Steps/Code to reproduce bug

import dask_cudf
import cudf

df = dask_cudf.from_cudf(cudf.DataFrame({'col_1':['a','b','c']}),npartitions=2)
df['col_1'] = df['col_1'].astype("category")
print(df['col_1'].cat.codes.dtype)
print(df['col_1'].compute().cat.codes.dtype)

int8
int32

Expected behavior

They should be same.

bug cuDF (Python) dask

Source

VibhuJawa

All 4 comments

@VibhuJawa does this break things or is it just increased memory consumption that's an issue for you?
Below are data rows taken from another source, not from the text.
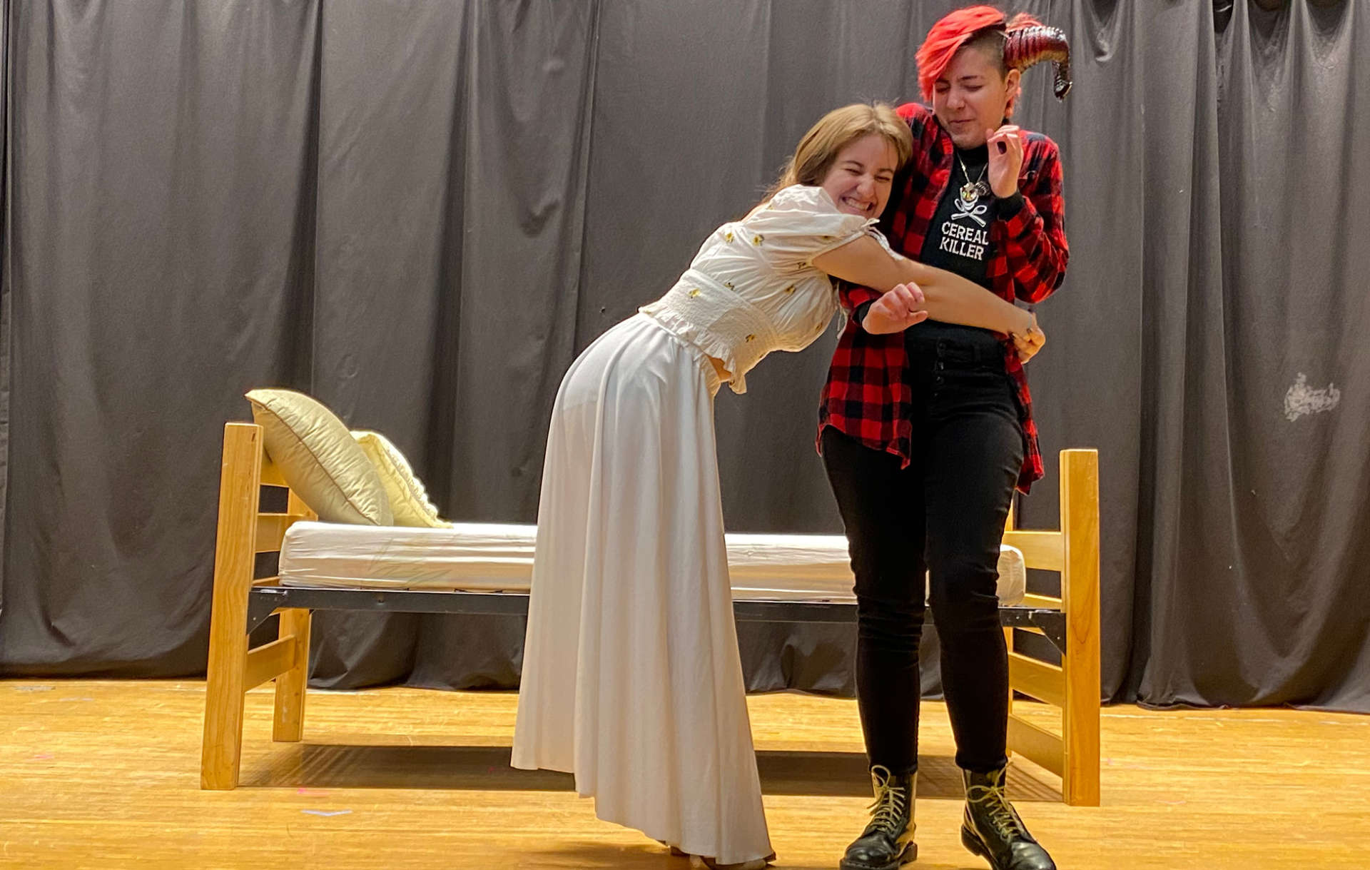 Dannah Lohr (left), an English major from Bunker Hill, West Virginia, and Aero Santaella, a secondary education major from Clear Spring, Maryland, rehearse “To Start a Flame.”
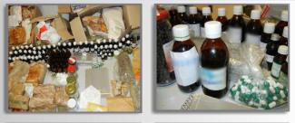 Σε έρευνες που έγιναν στα σπίτια των κατηγορούμένων, βρέθηκαν συνολικά και κατασχέθηκαν πλήθος γυάλινων φιαλιδίων και συσκευασιών που περιείχαν ουσία (υγρή και σε σκόνη) αγνώστου χημικής συνθέσεως, συσκευασίες που περιείχαν κάψουλες με σκόνη αγνώστου χημικής συνθέσεως, γυάλινα βάζα με διαφόρων ειδών βότανα, πλήθος συσκευασιών που περιείχαν κενές κάψουλες, οκτώ σύριγγες με μικροποσότητες χασισέλαιου, πέντε δισκία «ecstasy» και «mdma», πέντε ναρκωτικά δισκία και μικροποσότητα κάνναβης, κατάλογοι προϊόντων, 150 ευρώ, καθώς και μικρά χρηματικά ποσά νομισμάτων άλλων χωρών.
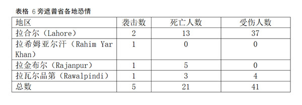 旁遮普省2019年发生了5次恐袭,比2018年多1次。其中,2次袭击发生在拉合尔,1次发生在Rawalpindi,2次发生南旁遮普的Rahim Yar Khan和Rajanpur地区。一共21人在这些袭击中丧生,另有41人受伤。巴基斯坦塔利班分支“卫士”(Hizbul Ahrar)策动了3次在拉合尔和拉瓦尔品第的袭击,共造成8名警察和7名平民丧生。俾路支地区的反叛组织BLA和BRA策动了在南旁遮普地区的2次袭击,共造成5人死亡。在袭击目标上,5次袭击中有3次是针对安全部队和执法人员的,另有1次袭击是针对当地的油气管道,1次针对平民。
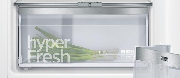coolEfficiency Einbau-Kühlschrank mit hyperFresh plus Box für bis zu 2 mal längere Frische bei Obst und Gemüse und flexiblem varioShelf.
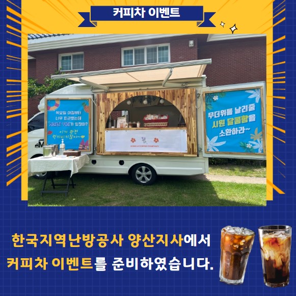 한국지역난방공사 양산지사 커피차 이벤트 무궁애학원 8개월 ago 무궁애학원 후원&자원봉사팀인 한국지역난방공사 양산지사에서 커피차 이벤트를 준비하고 있습니다. 많은 관심과 참여 부탁드립니다.
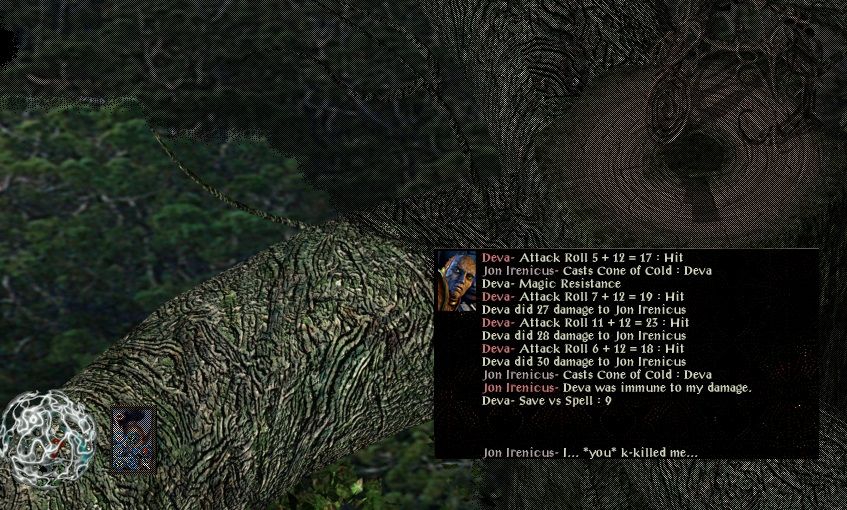 Keldorn is stunned by the welcoming committee and is the first to die in the Planar Prison. Jaheira raises him, doing the same for Minsc and Dorn after the Master of Thralls holds and kills them. The Master of Thralls only failed to hold Blaggerd and Keldorn, the inquisitor struggling to stay alive while the Blackguard was never in any danger. Two wild dogs are sent towards the Warden with the party following a round or two later. There isn't much to tidy up, just a pair of salamanders and a confused Warden who dies almost immediately.
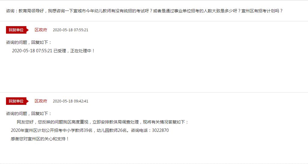 5月18日,有網(wǎng)友在宣城市人民政府互動交流平臺提問:教育局領(lǐng)導(dǎo)好,我想咨詢一下宣城市今年幼兒教師有沒有統(tǒng)招的考試呀?或者是通過事業(yè)單位招考的人數(shù)大致是多少呀?宣州區(qū)有招考計劃嗎?宣城市宣州區(qū)政府給出了如下回復(fù):2020年宣州區(qū)計劃公開招考中小學(xué)教師39名,幼兒園教師26名。更多安徽教師招聘咨詢,請關(guān)注2020年淮北教師招聘考試網(wǎng),后續(xù)會持續(xù)更新!
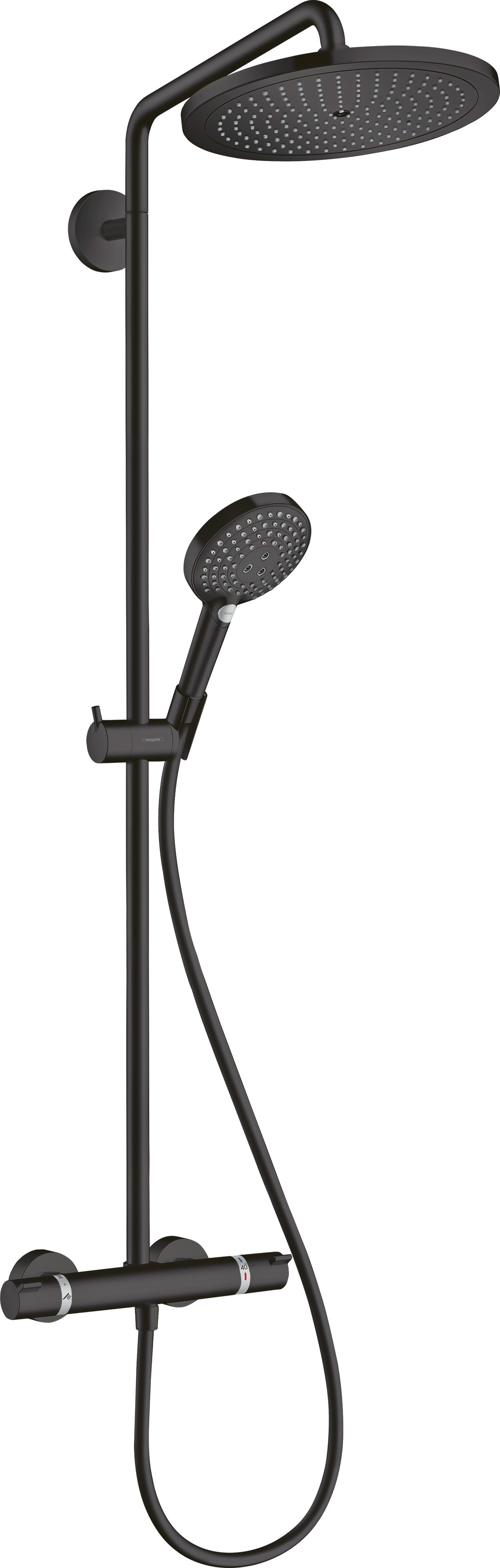 Hansgrohe Croma Select S Showerpipe 280 1-jet avec thermostat et douchette Raindance Select S 120 3-jet, 26890670, couleur : noir mat
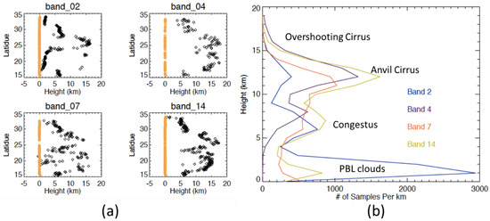 (a) Stereo height retrievals along 87.5° W longitude for the four spectral bands. The surface height is in orange. (b) Vertical distributions of the AMV stereo heights derived from the four spectral bands for the entire granule. All height retrievals are from chip size 32 × 32 km.

I imagine Dask's codebase for typecasting to categorical is more complicated because it has potentially distributed dictionaries and so it may just use int32 to be safe, whereas cudf currently tries to use the smallest integer type possible.

kkraus14 on 7 Feb 2020

@VibhuJawa does this break things or is it just increased memory consumption that's an issue for you?

The increased memory consumption is an issue, in the workflow i has just 8 categories and it seems that the underlying dtype is int32

I imagine Dask's codebase for typecasting to categorical is more complicated because it has potentially distributed dictionaries and so it may just use int32 to be safe, whereas cudf currently tries to use the smallest integer type possible.

Isnt it the other way around here ?

import cudf

df = cudf.DataFrame({'col_1':['a','b','c']})
print(df['col_1'].astype('category').cat.codes.dtype)

int32

I would ideally like it to be int8 in the underlying structure.

Current work around:

I am using below to safely cast currently , the dataframe is small enough (before a complex merge) to make this not costly.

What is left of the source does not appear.